In 2014, the Florida Board of Optometry had a rule stating that applicants for licensure in Florida must obtain passing scores on the NBEO exam within a seven-year period immediately before licensure application.
In 2016, there were efforts that urged the Board to modify the “seven-year rule,” as it did not allow optometrists from other states to use their NBEO exam scores older than seven years to obtain licensure. The underlying objective was to allow applicants to be able to use their scores on all parts of the exam that had been obtained at any time prior to their licensure application.
At the time, the Board of Optometry did not budge on the seven-year rule; however, just recently in 2017, a judge declared the seven-year rule as invalid, specifying that the rule ignores language found in the law that states the Board must certify an applicant as eligible prior to the applicant taking the NBEO exam. If this language sticks, the Board will no longer consider any scores from the NBEO exam taken before a candidate files an application in Florida.
Since most optometry students take Parts I, II and III of the NBEO exam during their student years before they apply for licensure, it’s apparent how this ruling would be detrimental to so many.
To date, Florida law has required optometry students to complete a rigorous curriculum, which includes taking the NBEO exam Parts I, II and III throughout their educational career as third- and fourth-year students to meet graduation requirements. Then, the candidates submit an application for licensure to obtain their optometry license.
If the recent oversight is approved, this raises a problem for current optometry students. Students would be required to have an existing application for licensure on file prior to taking any part of the NBEO exam. But, with the law to date, it’s clear that applying for a Florida licensure prior to taking the exam is not feasible for current students, as they have not yet graduated or completed the allotted course hours stated in the application for Florida licensure.
Current students and recent graduates are extremely concerned with the status of this decision. If this previously overlooked rule is to come into effect, practicing optometrists and upcoming graduates will suddenly be unable to use their NBEO exam scores they completed prior to achieving licensure in Florida. Additionally, since the seven-year rule has been invalidated, there is no flexibility to receive a situational waiver or variance.

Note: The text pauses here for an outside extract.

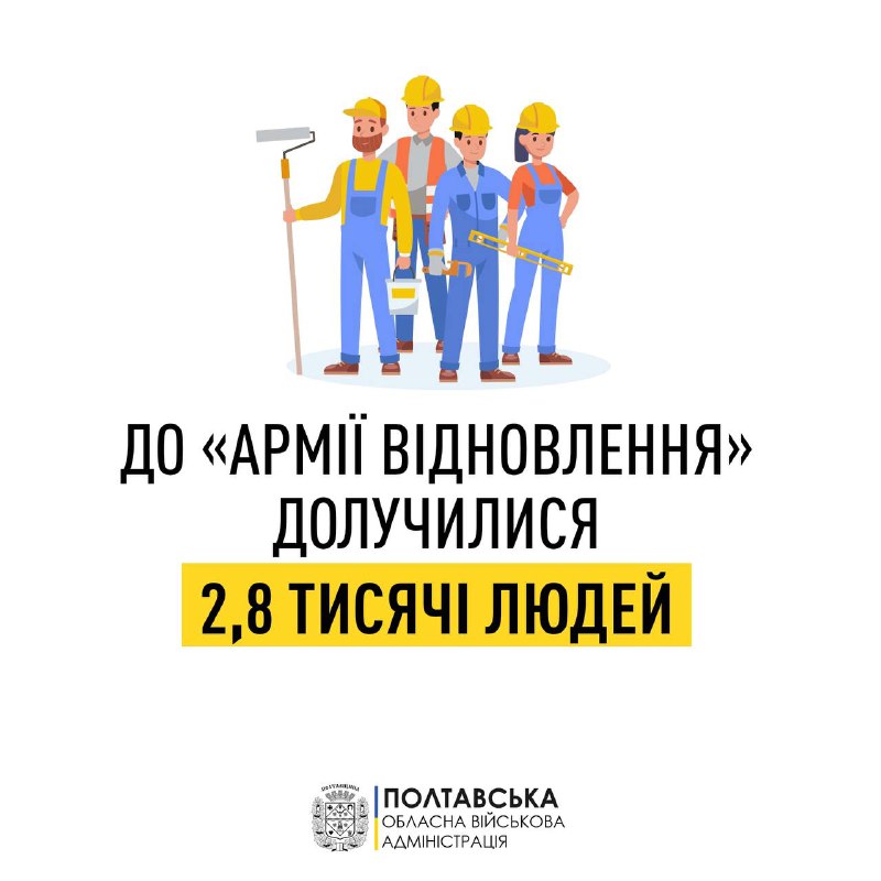 Полтавщина стабільно лідирує в реалізації програми «Армія відновлення». До суспільно корисних робіт залучили вже 2823 мешканців регіону 15.03.2023, Середа | 17:38 Автор допису: Голова Полтавської обласної військової адміністрації Полтавщина стабільно лідирує в реалізації програми «Армія відновлення». До суспільно корисних робіт залучили вже 2823 мешканців регіону. У першій п'ятірці також – Донецька, Сумська, Київська й Чернігівська області. Загалом працевлаштувалися в межах програми більше 9 тисяч безробітних. Допомагаємо одне одному! Все буде Україна!🇺🇦 Джерело Друк / PDF

If the ruling stands, it is suggested that many Florida optometry students would be required to retake the NBEO exam, creating a great deal of financial and professional hardship.
Students in the graduating class of 2017 who wish to practice in Florida may be required to retake Parts I, II and III of the NBEO exam. This would delay their career growth extensively.
This issue is not only detrimental to fourth-year students just shy of graduating but also to underclassmen who have already taken part of their boards and to practicing optometrists who wish to practice or are currently practicing in the state of Florida. Their life plans would take a backburner as they prepare to retake the NBEO.
Additionally, the NBEO indicates the pass rates for those retaking the exam are up to 10 percent lower than first-time candidates. These rates present a level of uncertainty for test repeaters.
In addition to undue financial hardship from career setback, retaking the NBEO would create a financial burden for current students and recent graduates due to the inability to proceed with their intended jobs. The money spent to repay board examination fees would not be a small amount.
In tandem, students are required to begin paying student loans six months following graduation, with often over $250,000 in debt accrued upon exit of optometry school. Deferment on student loan payments would not be uncommon.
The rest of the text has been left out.